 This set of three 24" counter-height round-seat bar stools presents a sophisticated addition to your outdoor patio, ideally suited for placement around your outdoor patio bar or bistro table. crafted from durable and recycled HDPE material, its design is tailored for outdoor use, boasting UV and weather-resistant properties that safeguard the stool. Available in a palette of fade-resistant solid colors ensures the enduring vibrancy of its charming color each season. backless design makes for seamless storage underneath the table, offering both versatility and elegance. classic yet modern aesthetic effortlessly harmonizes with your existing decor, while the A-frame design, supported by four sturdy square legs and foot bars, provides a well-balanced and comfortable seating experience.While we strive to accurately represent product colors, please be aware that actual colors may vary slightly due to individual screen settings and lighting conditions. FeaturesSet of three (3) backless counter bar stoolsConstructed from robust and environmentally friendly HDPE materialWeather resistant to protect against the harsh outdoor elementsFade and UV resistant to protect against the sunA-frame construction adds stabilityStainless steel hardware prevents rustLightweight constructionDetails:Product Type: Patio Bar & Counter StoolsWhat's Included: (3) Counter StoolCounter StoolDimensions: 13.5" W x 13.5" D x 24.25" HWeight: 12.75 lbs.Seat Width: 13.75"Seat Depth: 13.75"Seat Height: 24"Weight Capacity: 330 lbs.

...

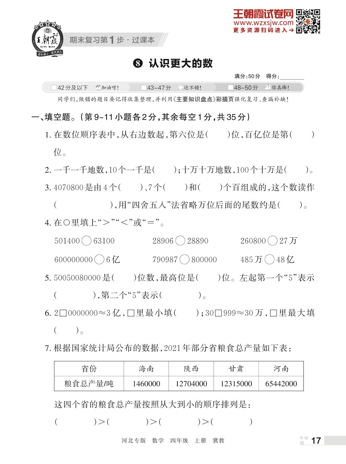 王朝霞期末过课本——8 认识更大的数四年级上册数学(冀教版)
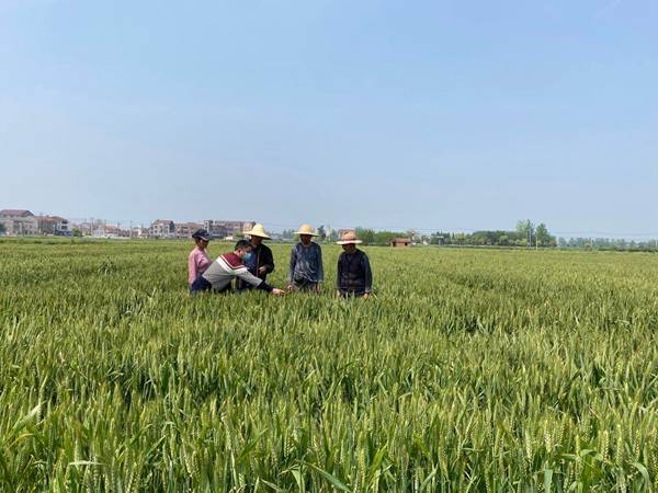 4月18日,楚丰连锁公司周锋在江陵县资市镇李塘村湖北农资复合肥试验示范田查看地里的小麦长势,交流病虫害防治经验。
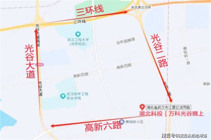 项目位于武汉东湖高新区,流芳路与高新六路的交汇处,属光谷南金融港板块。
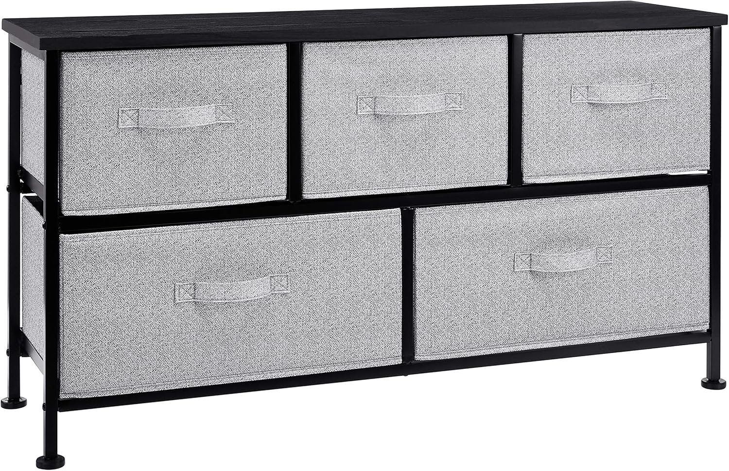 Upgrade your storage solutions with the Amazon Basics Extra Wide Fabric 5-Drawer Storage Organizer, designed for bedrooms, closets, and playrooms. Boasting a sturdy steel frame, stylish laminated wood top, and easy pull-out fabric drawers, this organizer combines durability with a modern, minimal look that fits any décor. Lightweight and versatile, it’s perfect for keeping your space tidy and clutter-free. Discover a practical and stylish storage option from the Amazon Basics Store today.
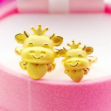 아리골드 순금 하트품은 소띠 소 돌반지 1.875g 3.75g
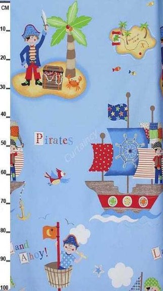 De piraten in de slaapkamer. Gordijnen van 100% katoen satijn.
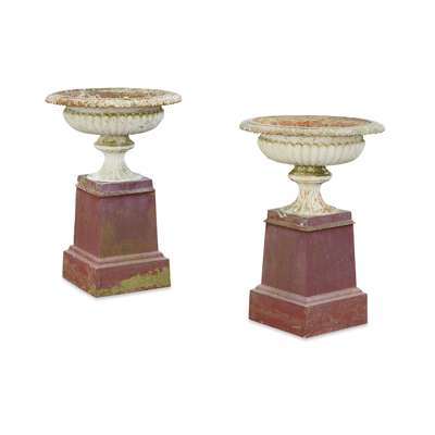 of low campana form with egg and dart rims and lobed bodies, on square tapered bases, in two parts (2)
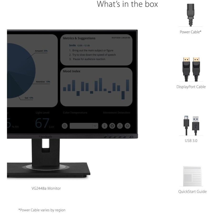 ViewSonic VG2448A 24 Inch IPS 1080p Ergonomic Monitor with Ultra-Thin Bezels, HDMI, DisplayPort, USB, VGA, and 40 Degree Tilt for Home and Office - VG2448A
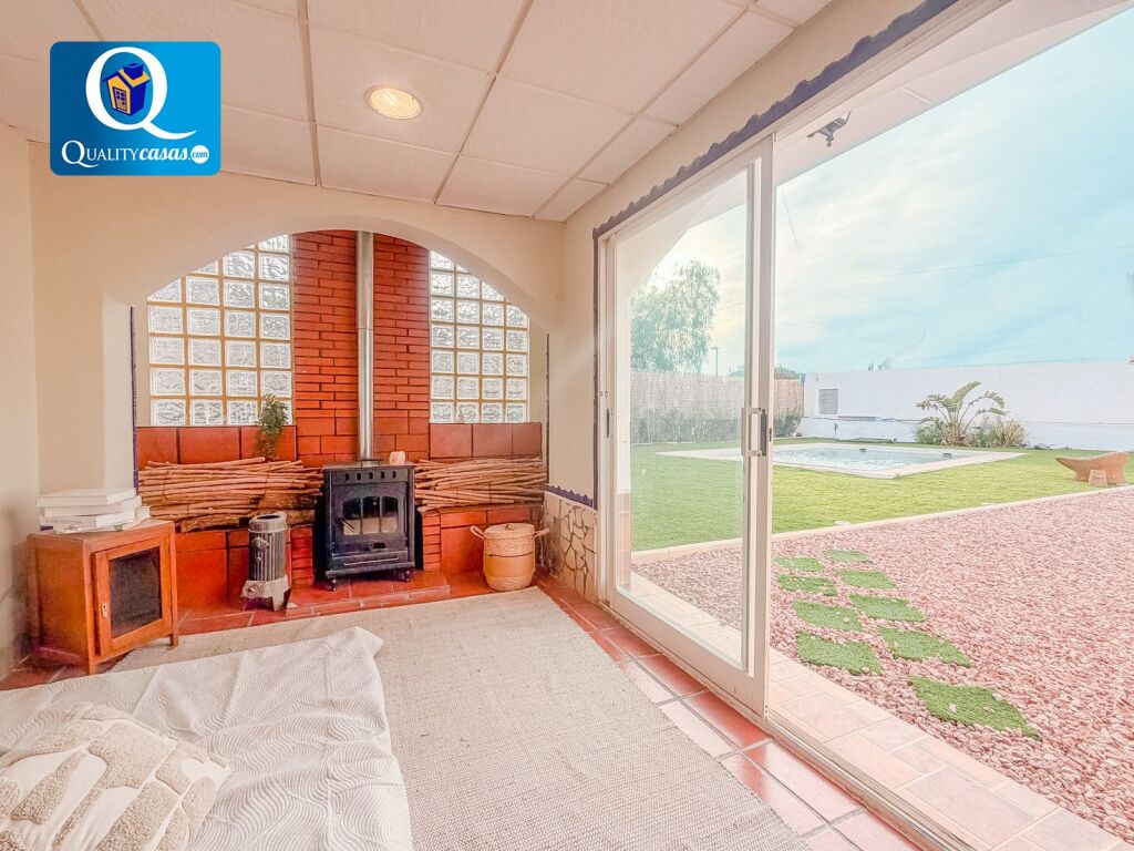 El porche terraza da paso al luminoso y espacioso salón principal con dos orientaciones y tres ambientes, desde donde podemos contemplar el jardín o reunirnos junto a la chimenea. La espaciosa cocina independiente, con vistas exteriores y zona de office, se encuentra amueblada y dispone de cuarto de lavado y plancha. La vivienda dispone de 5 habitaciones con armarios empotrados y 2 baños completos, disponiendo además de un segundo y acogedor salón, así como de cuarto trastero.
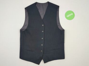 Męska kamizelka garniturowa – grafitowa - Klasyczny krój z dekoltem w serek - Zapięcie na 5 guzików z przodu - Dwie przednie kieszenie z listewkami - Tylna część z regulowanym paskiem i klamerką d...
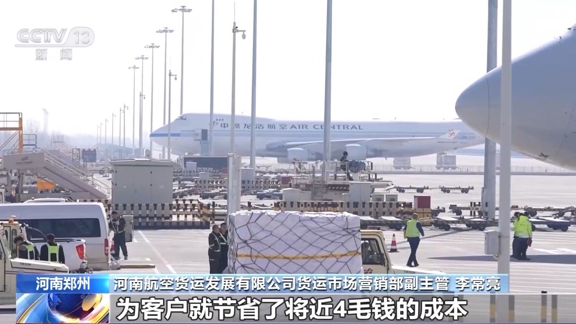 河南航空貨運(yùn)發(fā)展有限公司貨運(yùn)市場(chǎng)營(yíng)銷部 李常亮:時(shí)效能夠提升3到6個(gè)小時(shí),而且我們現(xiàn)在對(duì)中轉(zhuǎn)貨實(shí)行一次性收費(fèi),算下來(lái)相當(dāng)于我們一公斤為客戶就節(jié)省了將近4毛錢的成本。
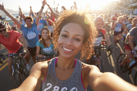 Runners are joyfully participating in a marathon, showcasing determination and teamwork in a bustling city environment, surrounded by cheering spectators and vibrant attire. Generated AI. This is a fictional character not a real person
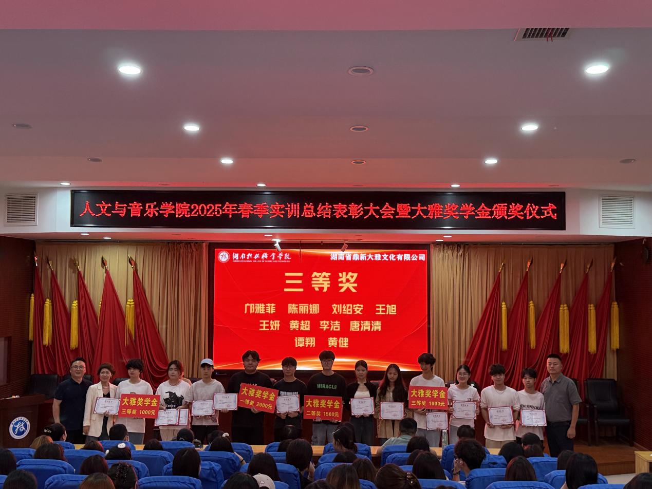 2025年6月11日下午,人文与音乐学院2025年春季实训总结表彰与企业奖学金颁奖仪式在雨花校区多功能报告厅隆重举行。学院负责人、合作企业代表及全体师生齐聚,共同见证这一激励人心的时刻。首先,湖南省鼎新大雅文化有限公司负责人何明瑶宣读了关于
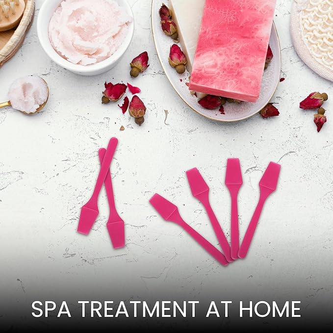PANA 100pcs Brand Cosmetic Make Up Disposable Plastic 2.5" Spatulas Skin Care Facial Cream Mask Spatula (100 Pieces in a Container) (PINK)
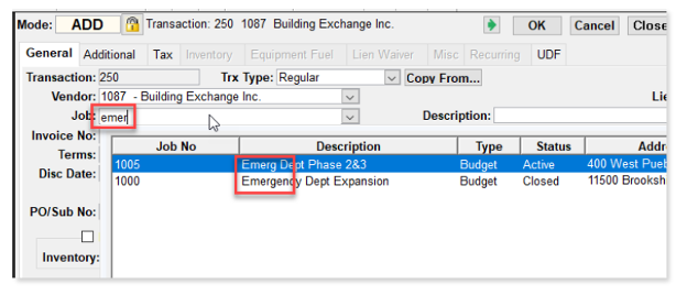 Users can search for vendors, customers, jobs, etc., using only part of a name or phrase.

==

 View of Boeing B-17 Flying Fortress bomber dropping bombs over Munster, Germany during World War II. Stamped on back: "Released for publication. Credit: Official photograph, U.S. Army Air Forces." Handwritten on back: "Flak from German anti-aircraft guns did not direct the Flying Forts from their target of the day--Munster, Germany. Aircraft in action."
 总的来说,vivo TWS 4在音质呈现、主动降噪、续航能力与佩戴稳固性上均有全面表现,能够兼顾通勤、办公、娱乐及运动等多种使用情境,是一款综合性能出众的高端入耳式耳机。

**WORK REQUIRED:** Range to copy from the listing above: the line with "Upgrade your storage" through the line with "of low campana". Transcribe it exactly and skip the pictures.

**ANSWER TO THE PROBLEM:**
 Upgrade your storage solutions with the Amazon Basics Extra Wide Fabric 5-Drawer Storage Organizer, designed for bedrooms, closets, and playrooms. Boasting a sturdy steel frame, stylish laminated wood top, and easy pull-out fabric drawers, this organizer combines durability with a modern, minimal look that fits any décor. Lightweight and versatile, it’s perfect for keeping your space tidy and clutter-free. Discover a practical and stylish storage option from the Amazon Basics Store today.
 아리골드 순금 하트품은 소띠 소 돌반지 1.875g 3.75g
 De piraten in de slaapkamer. Gordijnen van 100% katoen satijn.
 of low campana form with egg and dart rims and lobed bodies, on square tapered bases, in two parts (2)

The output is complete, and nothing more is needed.